One year. 12 months. 365 days. 525,600 minutes.

That is how long it's been since life as I knew it changed for the better. That is the time that has passed since my singleness was kissed goodbye and I embraced a warm, welcome, identity as a married lady.

What a year it has been.


People often told Tyson and I that our first year of marriage is going to be the hardest. All the transition, all the new, all that comes with sharing your life in a new way with another person. We always were greeted by couples who had been married for many years, with sighs and grins that seemed like they were saying, "Oh, just you wait and see what you're getting yourself into!" It was always a bit off-putting, to be told that our love will change, and then there is just commitment.


Now I wasn't naive enough to believe that we were immune from any sort of challenge in our marriage and that our love would always look exactly the way it did one year ago on our wedding day. As a matter of fact, after one year, I've come to see the truth in some of those words but not for the reasons I thought.

This was a hard year-- but not because of something in our marriage. Our love has changed--if anything it's solidified and become a strong place amidst ever-changing ground.

This year was filled with loads of new. New experiences. New people. New place. New identities amidst shoes that seemed too lofty to fill. I can't count the times Tyson and I have asked one anther, "What are we even doing here?" You could say that oftentimes, the ambiguity of our futures lurked behind us as we attempted to discern where we were being called in our future and our present.

This year was hard in the painful reality of loss- of self, of our people, of a land in which we once were deeply rooted.

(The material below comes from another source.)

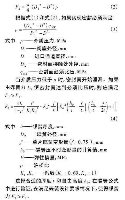 (1) 密封預(yù)緊力。通過螺栓產(chǎn)生一定的預(yù)緊力,再由閥座壓蓋傳遞給碟簧,使得碟簧產(chǎn)生變形。為了延長碟簧使用壽命,碟簧的變形量不能超過自由高度的75%,通過系列力的傳遞使密封副達(dá)到設(shè)計的密封比壓。
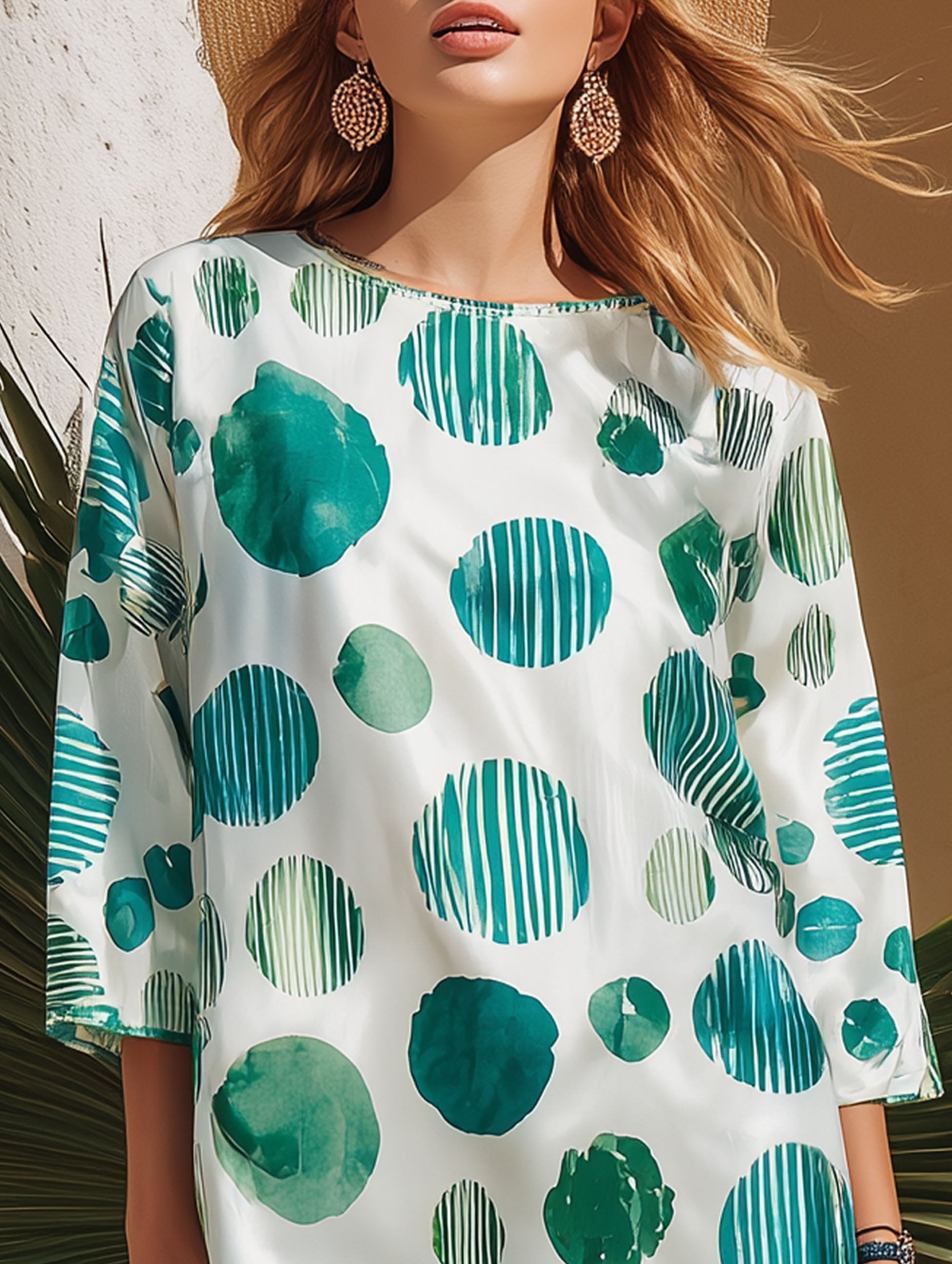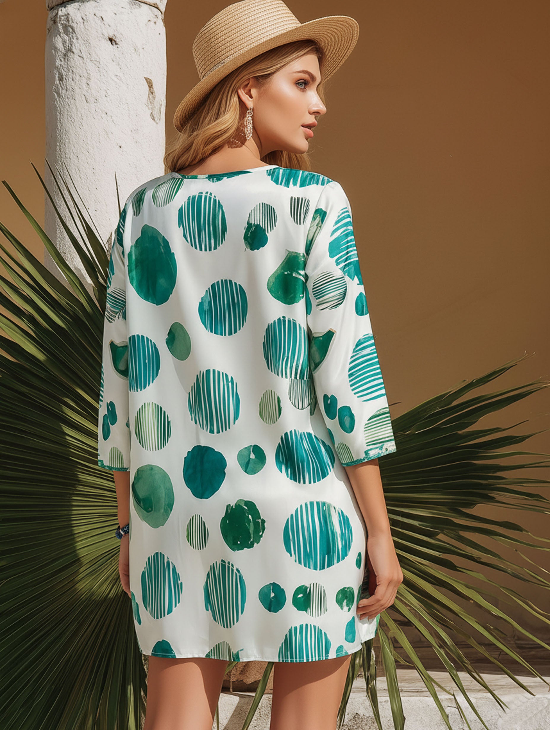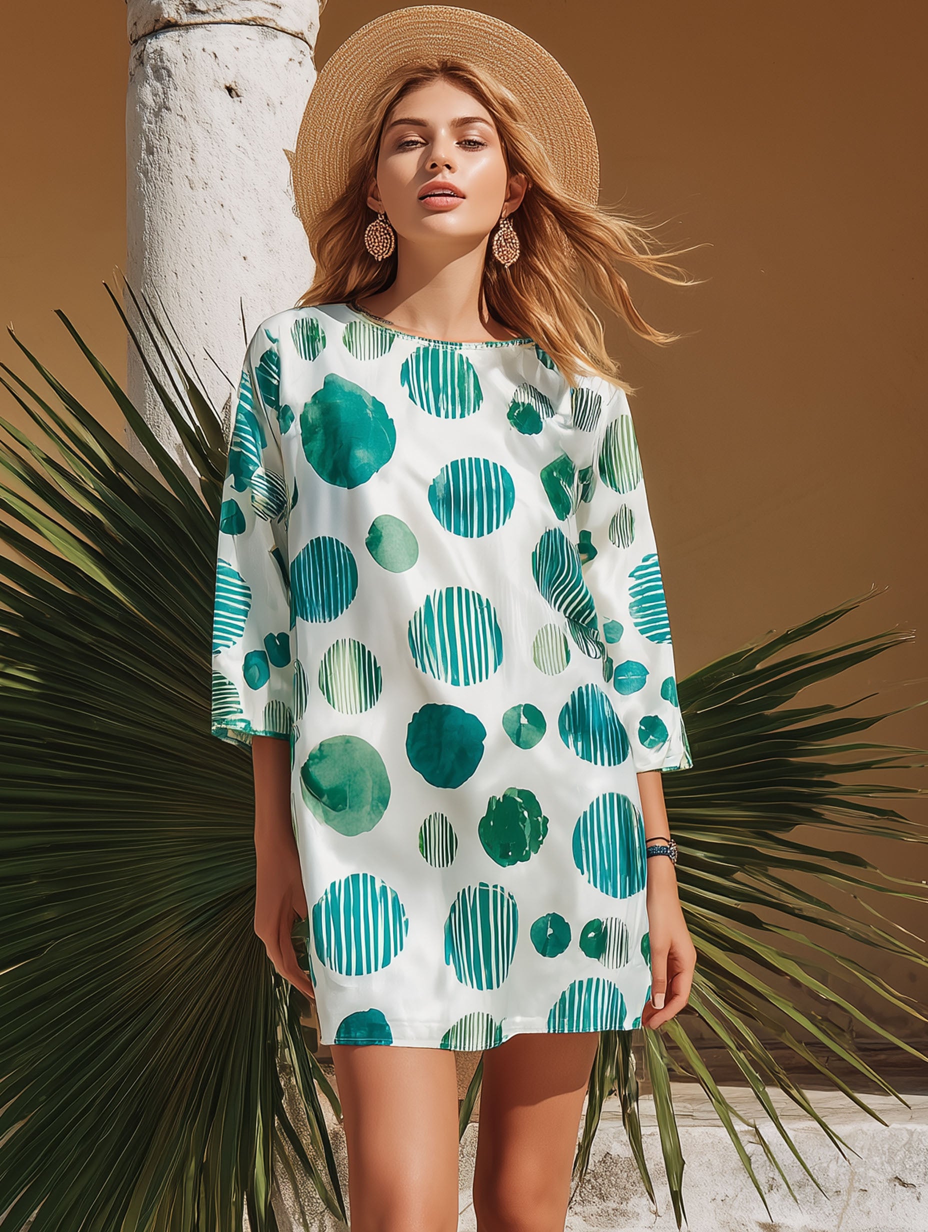 A resort-ready mini dress in lustrous satin, this playful piece features a vibrant green base dotted with crisp white polka dots for a fresh, feminine look. The mid-length sleeves balance coverage and breeziness while the mini hem keeps the silhouette youthful and flirty. The satin’s soft drape and subtle sheen catch the light for an elevated, vacation-ready feel—perfect for beachside lunches, poolside cocktails, or sunset strolls.

But our love is a love that has been constantly tender, compassionate, and abounding in grace and the pains were also met with moments of joy and necessary vulnerability.


There were many parts of this year that seemed blurry, foggy, and led me to doubt what I believed about myself, our community, and this world we lived. Yet the love in our marriage and the grace we received through our Lord remained solid ground.

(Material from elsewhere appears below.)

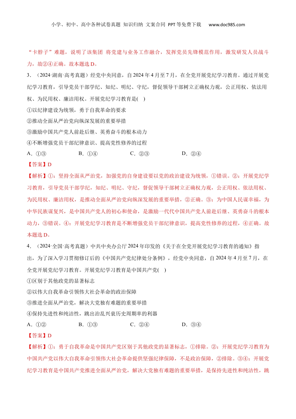 小学、初中、高中各种试卷真题知识归纳文案合同PPT等免费下载www.doc985.com必刷题高考真题系列必修3《政治与法治》一、单项选择题1.(2024·全国·高考真题)2023年12月,中共中央修订《中国共产党纪律处分条例》,要求从严抓好党的纪律建设。经党中央同意,自2024年4月至7月,在全党开展党纪学习教育,引导党员干部学纪、知纪、明纪、守纪。深入开展党纪学习教育()①反映了党要依靠法律管党治党,建设高素质干部队伍②彰显了党推进自我革命、走好新的赶考之路的决心和意志③体现了党坚持以纪律建设为统领,不断提高党的建设质量④有利于解决大党独有难题,保持和巩固党的长期执政地位A.①③B.①④C.②③D.②④【答案】D【解析】①:《中国共产党纪律处分条例》属于党内法规,不属于法律,①排除。②:引导党员干部学纪、知纪、明纪、守纪,说明深入开展党纪学习教育彰显了党推进自我革命、走好新的赶考之路的决心和意志,②正确。③:全面从严治党以政治建设为统领,③排除。④:深入开展党纪学习教育有利于解决大党独有难题,保持和巩固党的长期执政地位,④正确。故本题选D。2.(2024·吉林·高考真题)某国有科技产业集团为破解关键设备核心技术“卡脖子”难题,成立由集团党委牵头的专项工作领导小组,将党组织建在产业链上,组建以党员为核心的攻坚团队,以党建共建为牵引,对项目重大节点统一调度,设备最终研制成功。这表明该集团()①完善党的领导制度体系,实现资源的有效整合②发挥党员先锋模范作用,激发研发人员战斗力③以党的组织建设为统领,保障设备的研制成功④将党建与业务工作融合,为攻坚克难凝心聚力A.①③B.①④C.②③D.②④【答案】D【解析】①:材料强调的是加强党建,充分发挥党员先锋模范作用,故①排除。③:应以党的政治建设为统领,故③排除。②④:将党组织建在产业链上,组建以党员为核心的攻坚团队破解关键设备核心技术小学、初中、高中各种试卷真题知识归纳文案合同PPT等免费下载www.doc985.com“卡脖子”难题,说明了该集团将党建与业务工作融合,发挥党员先锋模范作用,激发研发人员战斗力,故②④正确。故本题选D。3.(2024·湖南·高考真题)经党中央同意,自2024年4月至7月,在全党开展党纪学习教育。通过开展党纪学习教育,引导党员干部学纪、知纪、明纪、守纪,督促领导干部树立正确权力观,公正用权、依法用权、为民用权、廉洁用权。开展党纪学习教育是()①以纪律建设为统领,勇于自我革命的要求②推动全面从严治党向纵深发展的重要举措③激励中国共产党人前赴后继、英勇奋斗的根本动力④不断增强党员干部纪律意识、提高党性修养的过程A.①③B.①④C.②③D.②④【答案】D【解析】①:坚持全面从严治党,加强党的自身建设要以党的政治建设为统领,①错误。②:开展党纪学习教育,引导党员干部学纪,知纪、明纪、守纪,督促领导干部树立正确权力观,公正用权、依法用权、为民用权、廉洁用权,是推动全面从严治党向纵深发展的重要举措,②正确。③:为中国人民谋幸福,为中华民族谋复兴,是中国共产党人的初心和使命,是激励一代代中国共产党人前赴后继、英勇奋斗的根本动力,③错误。④:开展党纪学习教育是不断增强党员干部纪律意识,提高党性修养的过程,④正确。故本题选D。4.(2024·全国·高考真题)中共中央办公厅2024年印发的《关于在全党开展党纪学习教育的通知》指出,为了深入学习贯彻修订后的《中国共产党纪律处分条例》,经党中央同意,自2024年4月至7月,在全党开展党纪学习教育。开展党纪学习教育是中国共产党()①区别于其他政党的显著标志②以伟大自我革命引领伟大社会革命的政治保障③推进全面从严治党,解决大党独有难题的重要举措④保持先进性和纯洁性,跳出治乱兴衰历史周期率的利器A.①②B.①③C.②④D.③④【答案】D【解析】①:勇于自我革命是中国共产党区别于其他政党的显著标志,①排除。②:开展党纪学习教育为中国共产党以伟大自我革命引领伟大社会革命提供坚强纪律保障,不是政治保障,②排除。③④:开展党纪学习教育是中国共产党推进全面从严治党,解决大党独有难题的重要举措,是保持先...

In a time of vast uncertainty, the only thing I felt truly certain of was that our love was abundant and our love was true.

Being married to Tyson, I've experienced the depths of God's love and grace for his people. In moments where I felt completely see-through and raw, Tyson embraced that rawness by surrounding me in grace. Time and time again, he became my safe place. A place to experience healing. A place to process. A place to pursue wholeness.

That is what I love about this man. He continually encourages me to pursue the extent of my whole humanity. He gives me space to consider my pain, my hurt, my passions, my deep loves, my doubts, my frustrations, my sillyness, my insanity. And he makes it clear to me that while I enter into whatever it is I need, he will still be there-- loving me.

That is the thing, friends. Tyson's heart to me, is the nearest and dearest experience I have of God's heart. He calls us to acknowledge our finitude because even when we do, he's still sovereign, there is still grace.

Marriage has been that space for me this year. It has given me a more holistic picture of grace amidst all the beauty and the pain that life has to offer.

I am thankful for our first year together. I am thankful for Tyson-- still the love of my life and quite possibly the best human on this earth.

Here is to year one. Now make way for year two.













Comments

  1. Oh my lanta. So precious, so beautiful. I love your honesty and the goodness I learn from you. Thank you for sharing parts of your life! xoxo.